Aim of the task:
Each entry below should be output exactly, apart from its images.
─── Dataset ───
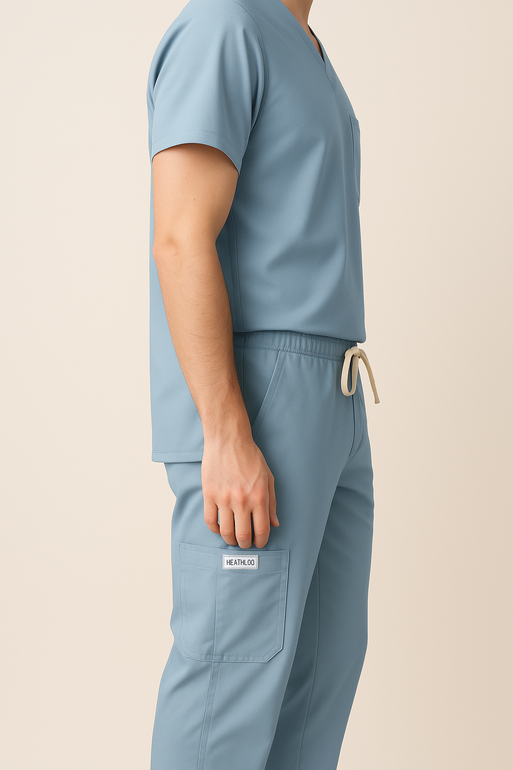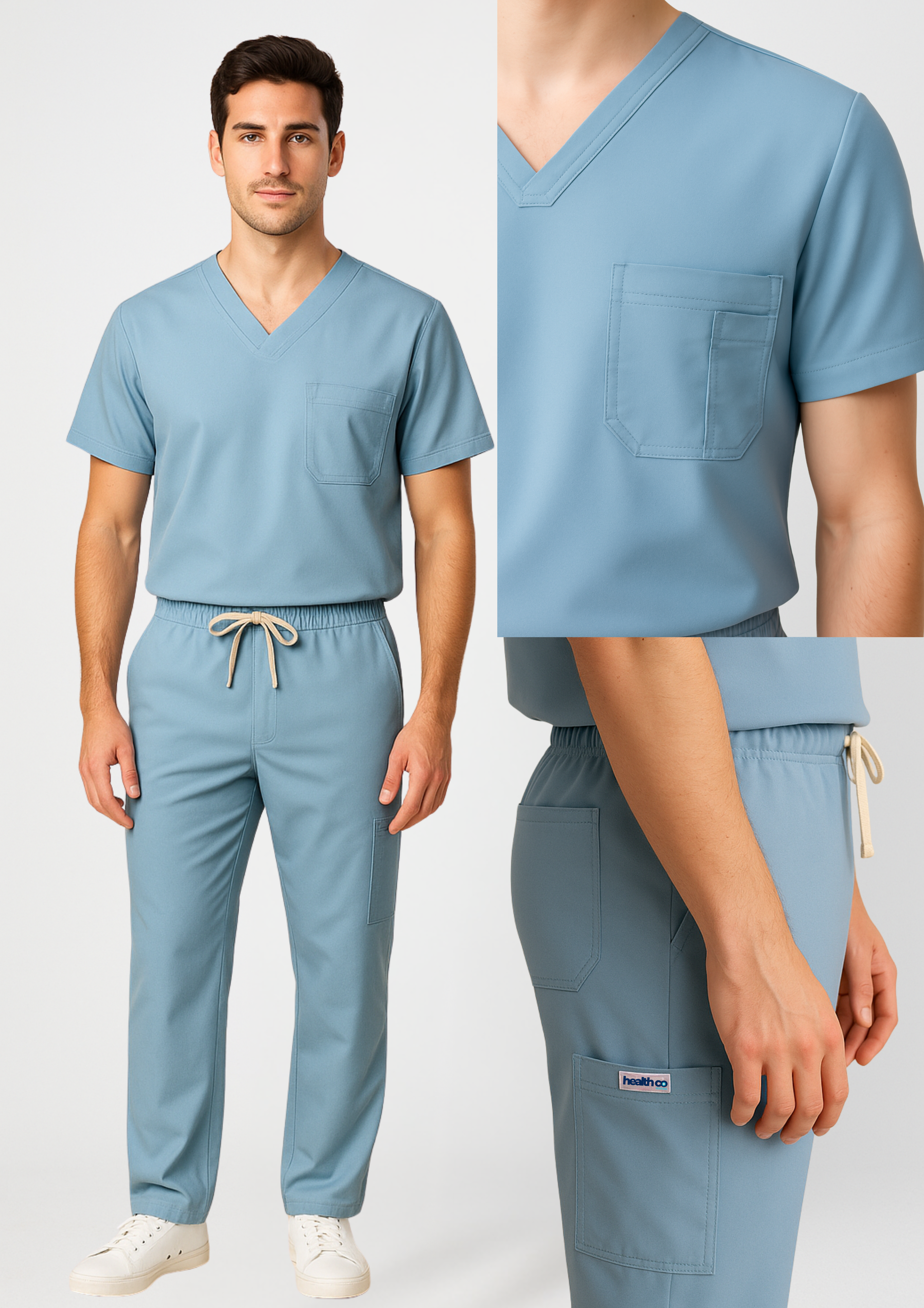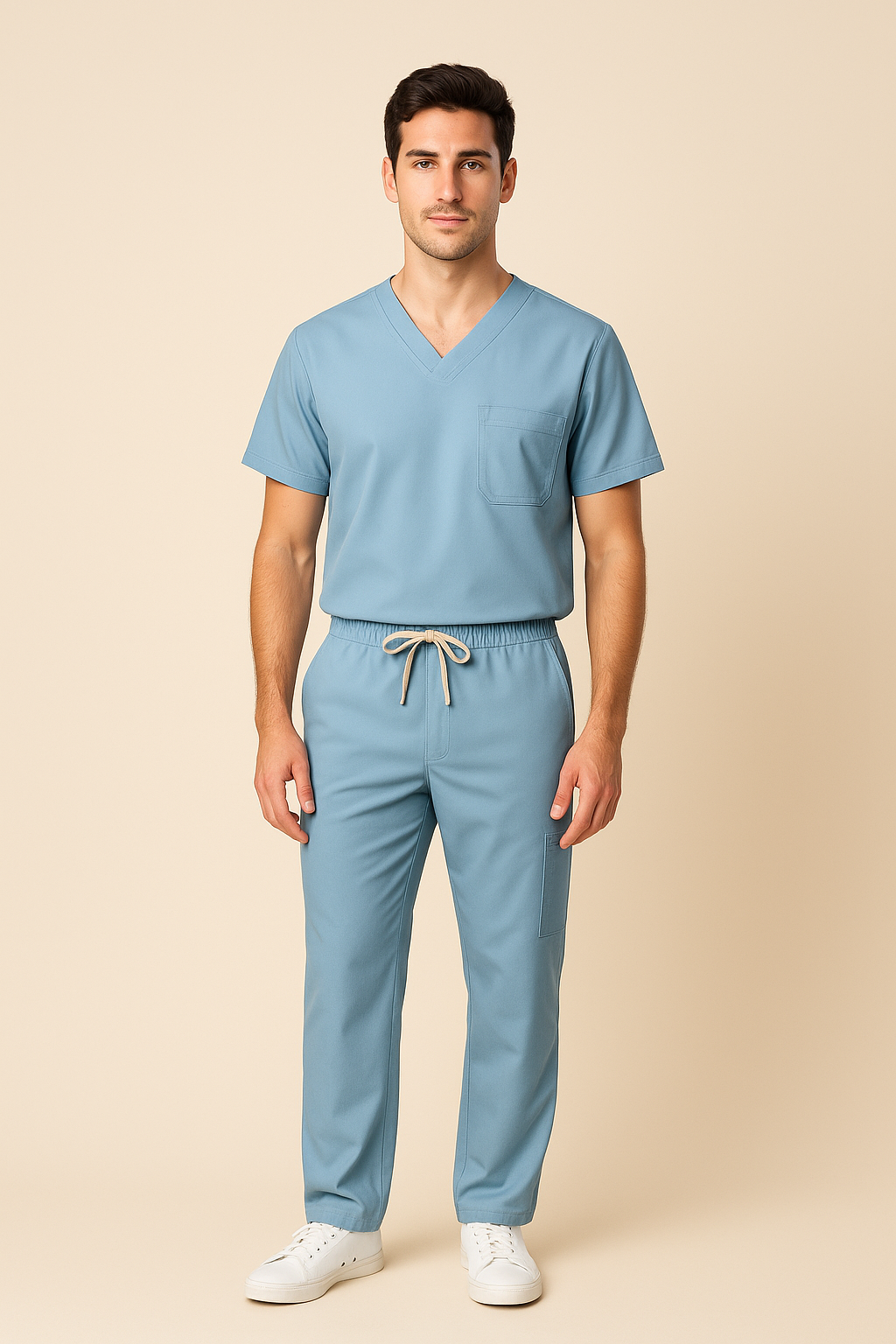 Scrub con camiseta con bolsillo en el pecho con compartimentos, dos bolsillos laterales en el pantalón y uno en la media pierna!
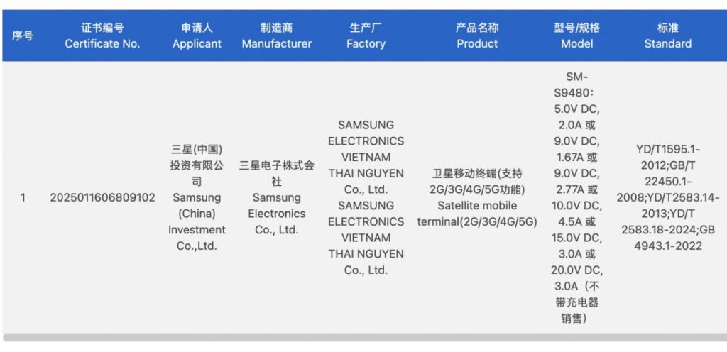 A Samsung smartphone with the model number SM-S9480 has been listed on the China 3C certification website. The listing reveals that the device will support up to 60W fast charging.
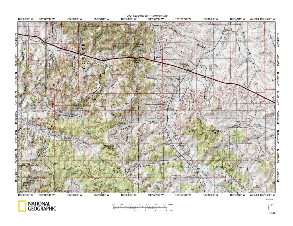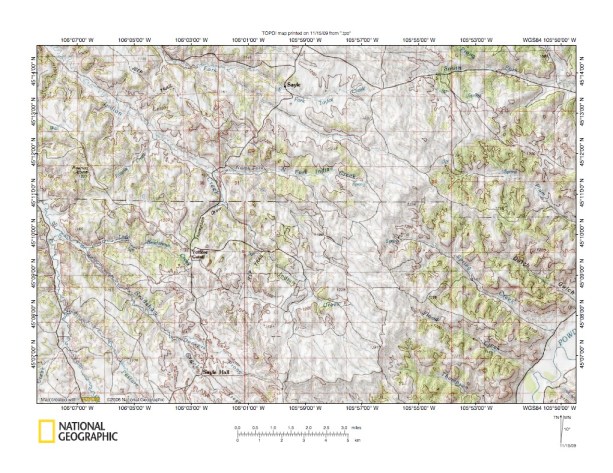 Figure 7: Indian Creek-Powder River drainage divide area. United States Geological Survey map digitally presented using National Geographic Society TOPO software.
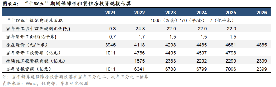 2)考虑到房地产建设存在1-2年的施工期,我们假设当年新筹建面积对应投资落在当年三分之二、次年三分之一。考虑到今年6月份国办发布指导文件、地方推进建设时点偏后,所以我们三分之二投资落在当年的假设将从2022开始。
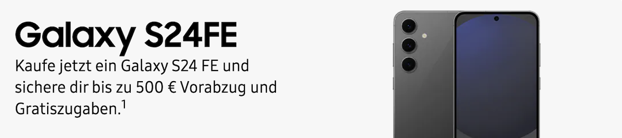 • Sichere Dir beim Kauf eines Samsung Galaxy S24 FE im Zeitraum vom 09. bis 28. Januar 2025 einen Vorabzug von 500 Euro, wenn Du Dein Altgerät eintauschst, sowie einen gratis Travel-Adapter (65 W).
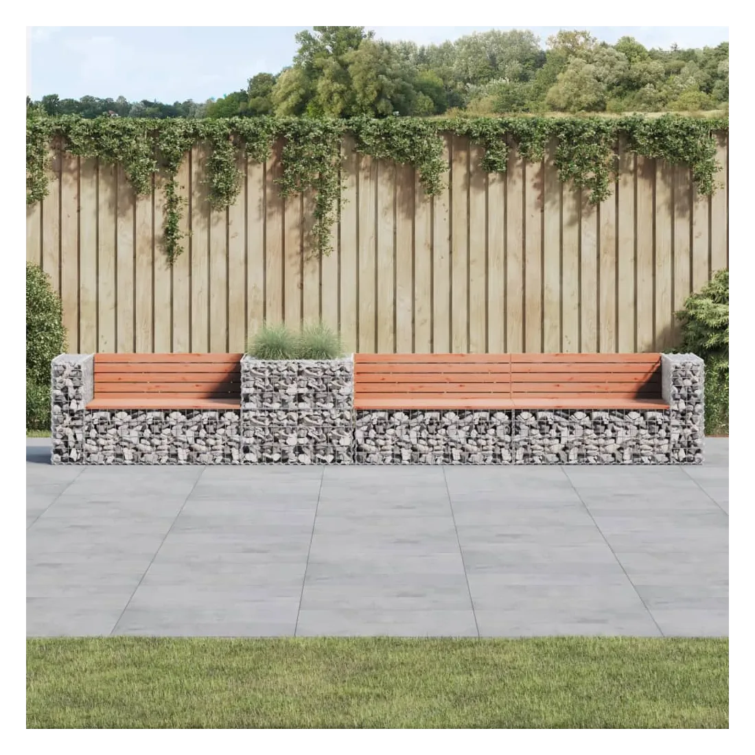 Ce banc de jardin avec panier en gabion seront un véritable accroche-regard dans votre espace de vie extérieur. Bois de douglas massif : le dessus du siège de jardin est fabriqué en bois de douglas massif pour plus de durabilité. Le bois de douglas est également suffisamment solide pour être travaillé avec un minimum de soin, même sous l'influence des intempéries.Base robuste et stable : le banc d'extérieur est doté d'une base en gabion en acier galvanisé conçue pour être remplie de roches et de graviers pour plus de beauté. La grille maillée du panier de gabion est soudée avec des fils transversaux et longitudinaux à chaque intersection pour une stabilité supplémentaire.Design compact : le banc de jardin est parfait pour un espace limité grâce à son design étroit et compact.Large éventail d'utilisations : le banc de parc convient aux jardins, arrière-cours, terrasses, coins secrets et à bien d'autres endroits. Bon à savoir :Ce produit est assemblé par 2 bancs de jardin (angle), un banc de jardin (central) et un panier de gabion.
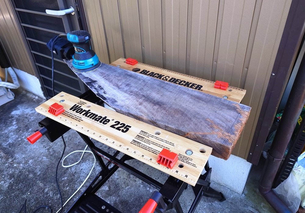 表面は、ボロボロになっているので、ランダムサンダーで磨く前の写真。
───
Exercise response:
 Scrub con camiseta con bolsillo en el pecho con compartimentos, dos bolsillos laterales en el pantalón y uno en la media pierna!
 A Samsung smartphone with the model number SM-S9480 has been listed on the China 3C certification website. The listing reveals that the device will support up to 60W fast charging.
 Figure 7: Indian Creek-Powder River drainage divide area. United States Geological Survey map digitally presented using National Geographic Society TOPO software.
 2)考虑到房地产建设存在1-2年的施工期,我们假设当年新筹建面积对应投资落在当年三分之二、次年三分之一。考虑到今年6月份国办发布指导文件、地方推进建设时点偏后,所以我们三分之二投资落在当年的假设将从2022开始。
 • Sichere Dir beim Kauf eines Samsung Galaxy S24 FE im Zeitraum vom 09. bis 28. Januar 2025 einen Vorabzug von 500 Euro, wenn Du Dein Altgerät eintauschst, sowie einen gratis Travel-Adapter (65 W).
 Ce banc de jardin avec panier en gabion seront un véritable accroche-regard dans votre espace de vie extérieur. Bois de douglas massif : le dessus du siège de jardin est fabriqué en bois de douglas massif pour plus de durabilité. Le bois de douglas est également suffisamment solide pour être travaillé avec un minimum de soin, même sous l'influence des intempéries.Base robuste et stable : le banc d'extérieur est doté d'une base en gabion en acier galvanisé conçue pour être remplie de roches et de graviers pour plus de beauté. La grille maillée du panier de gabion est soudée avec des fils transversaux et longitudinaux à chaque intersection pour une stabilité supplémentaire.Design compact : le banc de jardin est parfait pour un espace limité grâce à son design étroit et compact.Large éventail d'utilisations : le banc de parc convient aux jardins, arrière-cours, terrasses, coins secrets et à bien d'autres endroits. Bon à savoir :Ce produit est assemblé par 2 bancs de jardin (angle), un banc de jardin (central) et un panier de gabion.
 表面は、ボロボロになっているので、ランダムサンダーで磨く前の写真。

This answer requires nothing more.